Financing property explained in 5 steps
The most important points for your real estate loan
Get the best possible financing for your property in 5 steps
1. Good advice right from the start
Good advice is a process that extends over a longer period of time. Because high-quality advice starts there before you want to finance a property. Before you start looking for your dream property, the financial framework should be clarified with an expert. Because how much you can finance with your property and which of the countless combination options really make sense is always different for each individual and depends on personal circumstances.
Here it can happen relatively quickly that you take a dangerous path under the influence of various comparison portals. Even if it is apparently possible to carry out a quick and easy comparison using various providers and thus find the best offer directly, experience has shown that this is difficult in practice. One of our consultants will show you various options in personal contact and enable you to compare specific offers tailored to your needs.
2. A comparison of the most important criteria
Interest, fixed interest rates, regular repayments or the possibility of special repayments: there is a lot to consider when you want to finance a property. Since your personal situation may change in the future, it is important to deal with different scenarios.
For a realistic comparison, our consultants make sure to only ever compare like with like. For example, a pure comparison of interest rates with different special repayment options is not really meaningful. Our consultants work with you to develop the best offers for different scenarios.
3. Note other costs
Careful selection of the real estate loan is so important precisely because the costs for the property as well as the costs for the loan can incur additional fees that appear at first glance are not visible.
If you want to finance or build a property, there are so-called ancillary costs in addition to the actual construction or purchase costs. This means, for example, fees for the building permit, notary, insurance and brokerage fees as well as the real estate transfer tax. While the exact amount of these costs can vary, you should plan for a percentage of the acquisition costs, which in most cases is between eight and 16 percent, depending on the state.

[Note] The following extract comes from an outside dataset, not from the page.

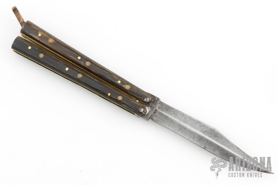 This balisong from the Philippines features a clip point blade with a satin finish. The handle has horn covers, brass T-latch and brass liners/frame. Has scratches and patina, but that is normal for these, good condition.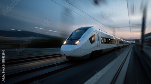 High speed train in motion during blue hour, showcasing dynamic motion blur effect that emphasizes speed and modern design. scene captures essence of travel and technology

Hidden costs such as the so-called commitment interest can also lurk in the financing. In some cases, it takes a few weeks to several months from the time the bank approves the loan until it is paid out. The reasons for this are often unexpected delays in the purchase or construction of a property. There can be big differences here as to when the commitment interest to be paid is due and how high it is.

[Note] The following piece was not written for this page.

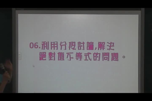 介紹絕對值不等式的問題,同學要弄清楚絕對值方程式、絕對值不等式與絕對值函數,這三個最難的是絕對值不等式,我們看到絕對值,一定不要忘了分段討論。

4. The right amount of equity
The equity you contribute not only reduces the size of your home loan, but also has a major impact on your interest rate.
Meanwhile, in many cases it is also possible to carry out financing completely without equity, but the so-called interest surcharge is much higher than if you only had to finance 75% of the purchase price, for example . As a rule of thumb, it can be stated that the interest premium increases disproportionately from a financing share of 80% and more. A small change in equity can often result in a large change in interest rates. This will save you quite a bit in interest costs over many years.
5. Check funding
The state has created various ways to help you buy a property. For example, a KfW real estate loan could form a building block in your financing. In many cases, the state subsidy gives you very good interest rates and you can also agree on a repayment-free phase at the beginning. If you are planning energetic measures or have already carried them out, you can even benefit from further funding.
We check whether this or another type of support makes sense for you as part of our consultation process.